Context : Genetic factors are important determinants of bone mineral density (BMD). The fact that mutations in the ClC-7 chloride channel cause autosomal dominant osteopetrosis (ADO II) make the CLCN7 gene an attractive candidate for the regulation of bone density .
Objective :The objective of the study was to investigate the association between polymorphisms in the CLCN7 gene and BMD in postmenopausal women and with clinical variability in ADOII. .
Design: This was a genetic association study using five single nucleotide polymorphisms (SNPs) and a variable number tandem repeat polymorphism (VNTR) in the CLCN7 gene.

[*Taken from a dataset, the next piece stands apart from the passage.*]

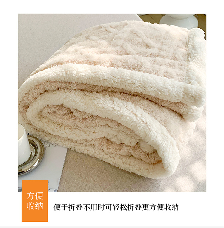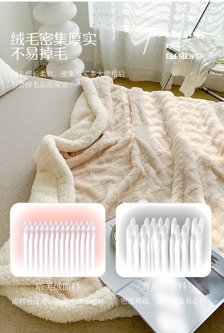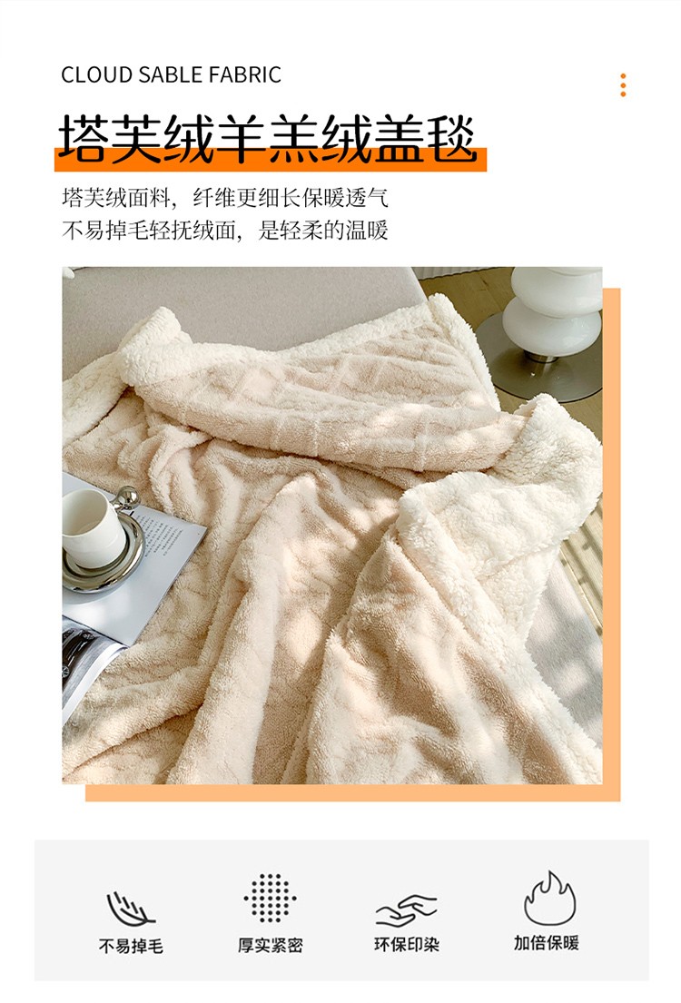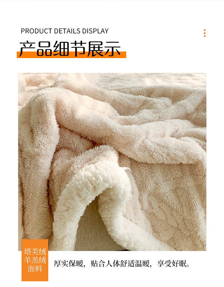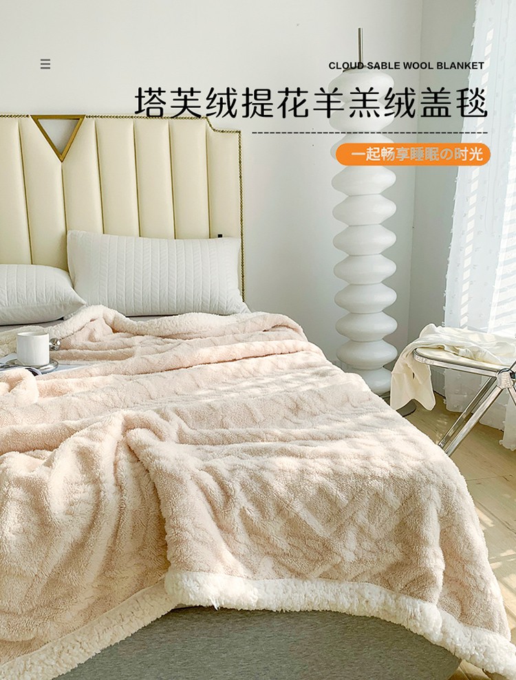 商品名称:网客家纺2024新款塔芙绒提花羊羔绒盖毯 米杏

Participants: A total of 425 postmenopausal women aged 64 ± 7 yr participated in the study. We also investigated an ADOII family with low penetrance comprising 18 mutation carriers.
Main outcome measure (s): In our postmenopausal cohort individual SNP genotypes and haplotypes were analyzed for association with BMD at the lumbar spine and at the femoral neck and with the bone resorption marker deoxypyridinoline. The same polymorphisms on the non-mutated CLCN7 allele were investigated for association with the variability of the ADOII phenotype.
Results: Analysis by multiple linear regression revealed a significant association between the ss genotype of the VNTR and higher Z-score values (P = 0.029). The Haplotype 4, which comprises the l allele of the VNTR, was found to be significantly associated with lower femoral neck Z-score values (P = 0.011). Furthermore, we found an association of the ss genotype of the VNTR with lower levels of the bone resorption marker deoxypyridinoline (d-Pyr/Crea) (P = 0.015), whereas haplotype 4 was associated with higher d-Pyr/Crea levels (P = 0.039). In the ADOII family we could demonstrate that haplotype 3, which contains the s-allele of the VNTR, is associated with a slightly higher probability that mutation carriers develop osteopetrosis (P = 0.029). In both cases the association seems largely to be driven by the VNTR genotype, but is further strengthened if surrounding polymorphisms are added to the analysis.
Conclusion: We observed a significant association of CLCN7 polymorphisms with the variance of BMD and bone resorption marker levels in postmenopausal women and with the variability of the ADOII phenotype.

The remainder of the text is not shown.